Non-surgical catheter techniques for closing a patent ductus arteriosus (PDA) have been in use for two decades, but some centres still prefer to do open surgery. Avoiding a thoracotomy seems to have an obvious advantage, but catheterisation also has it drawbacks. Researchers from China undertook a meta-analysis, and found 7 methodologically adequate trials, which together included 810 children under 17 years (Wang K, et al. Clin Cardiol 2014;37:188–94). Preterm infants and those with complex heart disease were excluded. There were no significant differences in rates of primary procedural failure, nor of complications or the need for blood transfusion postoperatively. Catheterisation left more children with a residual shunt (RR 5.2, 95%CI 1.4–19.2: p=0.01). However, as expected, catheter closure significantly reduced length of hospital stay (mean 1.6 days less, 95% CI 2.6–0.7: p=0.001). There was huge heterogeneity between the studies: for example, mean lengths of stay for surgical treatment varied between 1.1 and 18.7 days. On the face of it, it appears to be a straight choice between higher risk of non-closure, and longer hospital stay, but each centre will have its own outcome data which may be different.
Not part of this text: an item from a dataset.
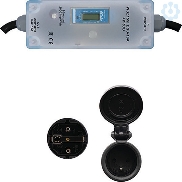 Schutzart Gehäuse: IP68, Schutzart Stecker/Kupplung: IP54. Gehäuse-Abmessungen 155 x 60 x 82 mm, Anschlussleitung 1,5 m (incl. Stecker und Kupplung). Genauigkeitsklasse B (1%). Dieser mobile Wechselstromzähler misst die Wirkenergie anhand des zwischen dem Eingang und dem Ausgang fließenden Stromes. Der Eigenverbrauch von nur maximal 0,4 Watt Wirkleistung wird nicht gemessen und nicht angezeigt. Zyklisch wechselt die Anzeige auf dem Display alle 10 Sekunden zwischen der aufgelaufenen Wirkenergie in kWh und dem Momentanverbrauch in kW. Der Anlaufstrom ist 20 mA. Das Display kann nur mit Stromversorgung abgelesen werden. Der Verbrauch ist jedoch nichtflüchtig gespeichert und wird nach einem Stromausfall sofort wieder angezeigt. Die Digitalanzeige hat 7 Stellen. Bis 99999,99 kWh werden zwei Nachkommastellen angezeigt, ab 100000,0 kWh nur noch eine. Der mobile Wechselstromzähler ist mit einem Haltebügel für eine einfache Montage ausgestattet. Dieser kann, falls nicht notwendig, einfach entfernt werden. Der Leistungsbezug wird mit einer 2000-mal je kWh blinkenden LED angezeigt.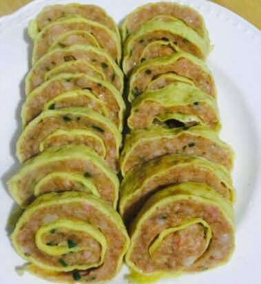 9、蒸好的蛋包圆放凉后切片装盘即可。

Helicobacter and probiotics
Gastrointestinal infection with Helicobacter pylori remains a significant health problem worldwide, and although eradication regimes with triple therapy (a proton pump inhibitor and two antibiotics) are well-established, success rates are disappointing. Adding probiotics to this regime has shown some promise in adults. A meta-analysis from China looked at the literature in children: they found 7 adequate studies, from diverse European, Asian and South American countries, published between 2005 and 2013 (Shan Li, et al. Eur J Pediatr 2014;173:153–61). Over 500 children, all with proven symptomatic H pylori infection, were involved. A variety of probiotic regimes were used, mostly using strains of Lactobacillus. All were given in addition to standard triple therapy. Eradication rates were roughly doubled (OR for eradication by intention to treat 1.96; 95% CI 1.3–3.2). Perhaps more significantly, adverse effects of the triple therapy, particularly diarrhoea, were reduced: (OR 0.32; 95% CI 0.1–0.8). In practice, eradication failure may be related to poor compliance with treatment, and probiotics may help to improve this.
Helicobacter and allergy
But should we be trying to eradicate Helicobacter anyway? The ‘hygiene hypothesis’ suggests that infections such as this, less common in developed countries, may protect against allergy. A cohort study from Ethiopia looked at over 1000 children (Amberbir A, et al. Clin Exp Allergy 2014: 44; 563–71). At ages 1, 3 and 5 years they were assessed both for allergic/atopic symptoms through standard ISAAC questionnaire and skin prick tests (SPT), and for H pylori infection through stool samples. Infection was common (25%). At age 3 years, infection was inversely associated with symptomatic eczema (OR 0.31; 95% CI 0.1–0.9), and at 5 years with positive SPT (OR 0.26; 95% CI 0.1–0.9). They allowed for possible confounding factors in their multivariate analysis, such as social deprivation, and treatment with antibiotics, and the negative association was still seen. This doesn't prove that H pylori is protective, as it may be a proxy for other factors, including many other types of infections. Screening for and treating asymptomatic H pylori, even with probiotics, is probably not such a good idea.